Dataset content ::
|---|
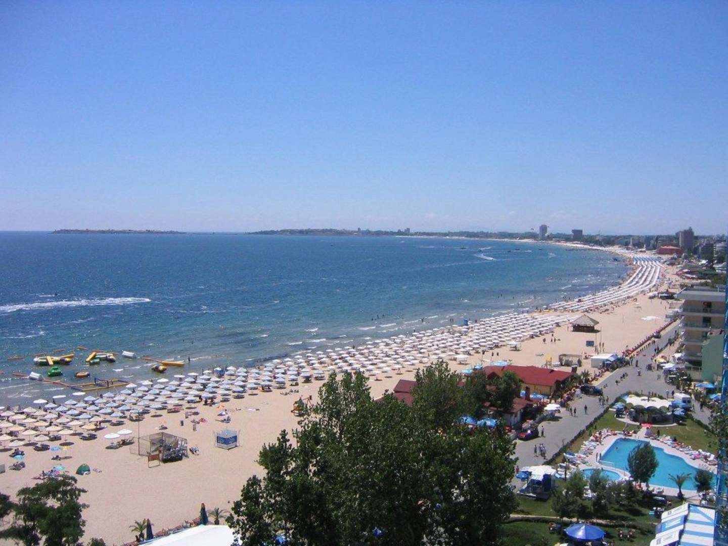 Sonnenstrand, Sicht auf den Strand vom Hotel Bellevue.
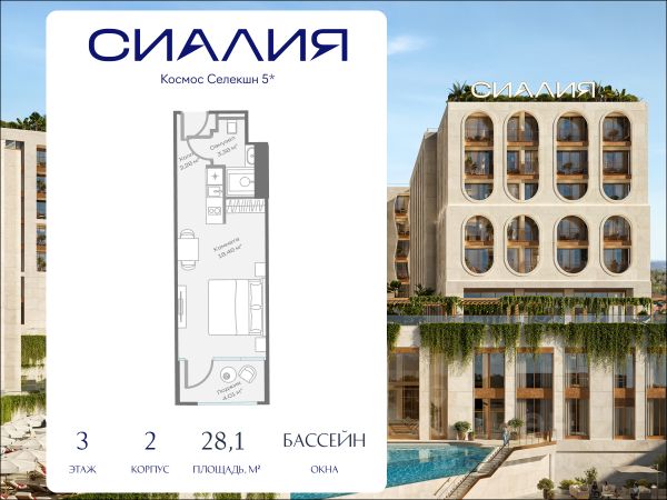 Просторный номер площадью 28.12 м² с панорамными окнами и приватным балконом, вид на бассейн. Дизайн номеров выполнен в современном стиле с использованием натуральных материалов и текстур, что создает ощущение непрерывного диалога с природой. Полностью меблирован, оборудован системой "умный дом", TV, кондиционированием и всем необходимым для комфортного проживания. Возможность реализовать различные сценарии жизни и инвестирования. - Отельные номера в Космос Селекшн Сочи Сиалия Резорт 5* с пассивным доходом до 25,3% годовых и бесплатным проживанием 30 дней в году - Гостиничные резиденции под управлением Космос Селекшн Сочи Сиалия Резорт 5* с возможностью отдыха 365 дней в году СИАЛИЯ - отдых, который становится стилем жизни. Отель расположен в уникальном месте между морем и горами, на территории 4,5 га. На территории: - премиальный SPA и фитнес-центр - медицинский центр с anti-age и longivity-программами - 7 бассейнов, в том числе подогреваемый и бассейн с морской водой, - корты для падел-тенниса - детский клуб - гастрономический кластер из 5 ресторанов и кафе с различными концепциями и 5 баров, - многофункциональный конференц-центр и коворкинг
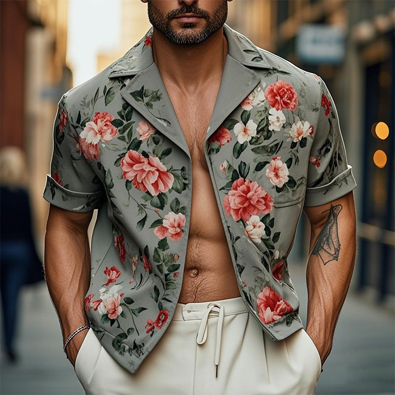 Men's Floral Print Short Sleeve Shirt | Casual Modern Fit | Lightweight Notched Lapel | Breathable Summer Top | Sizes S-XXXL
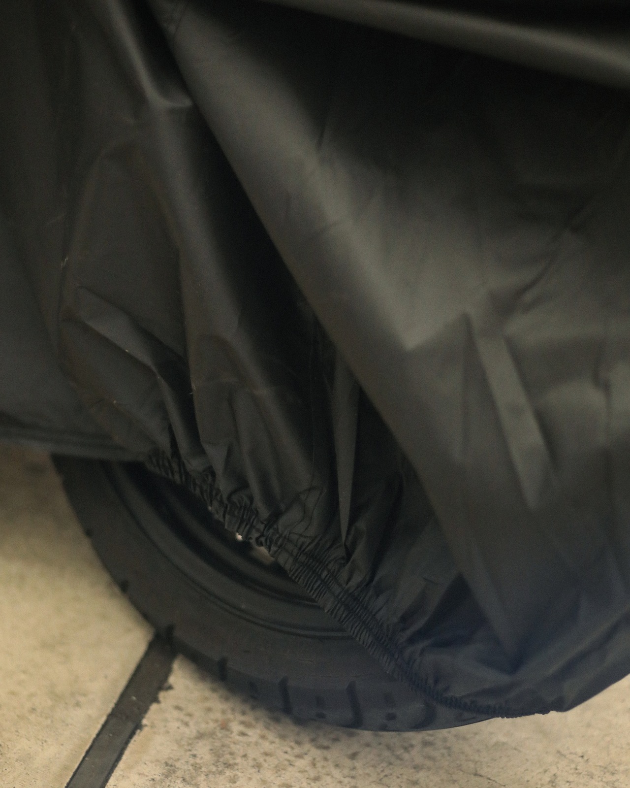 裾部分に伸縮ゴムを採用し、バイク両輪にピタッと密着。砂やホコリの侵入も防ぎます。
|---|
Your assignment :: Every line above should be repeated exactly; pictures stay out of the copy.

Written response ::
 Sonnenstrand, Sicht auf den Strand vom Hotel Bellevue.
 Просторный номер площадью 28.12 м² с панорамными окнами и приватным балконом, вид на бассейн. Дизайн номеров выполнен в современном стиле с использованием натуральных материалов и текстур, что создает ощущение непрерывного диалога с природой. Полностью меблирован, оборудован системой "умный дом", TV, кондиционированием и всем необходимым для комфортного проживания. Возможность реализовать различные сценарии жизни и инвестирования. - Отельные номера в Космос Селекшн Сочи Сиалия Резорт 5* с пассивным доходом до 25,3% годовых и бесплатным проживанием 30 дней в году - Гостиничные резиденции под управлением Космос Селекшн Сочи Сиалия Резорт 5* с возможностью отдыха 365 дней в году СИАЛИЯ - отдых, который становится стилем жизни. Отель расположен в уникальном месте между морем и горами, на территории 4,5 га. На территории: - премиальный SPA и фитнес-центр - медицинский центр с anti-age и longivity-программами - 7 бассейнов, в том числе подогреваемый и бассейн с морской водой, - корты для падел-тенниса - детский клуб - гастрономический кластер из 5 ресторанов и кафе с различными концепциями и 5 баров, - многофункциональный конференц-центр и коворкинг
 Men's Floral Print Short Sleeve Shirt | Casual Modern Fit | Lightweight Notched Lapel | Breathable Summer Top | Sizes S-XXXL
 裾部分に伸縮ゴムを採用し、バイク両輪にピタッと密着。砂やホコリの侵入も防ぎます。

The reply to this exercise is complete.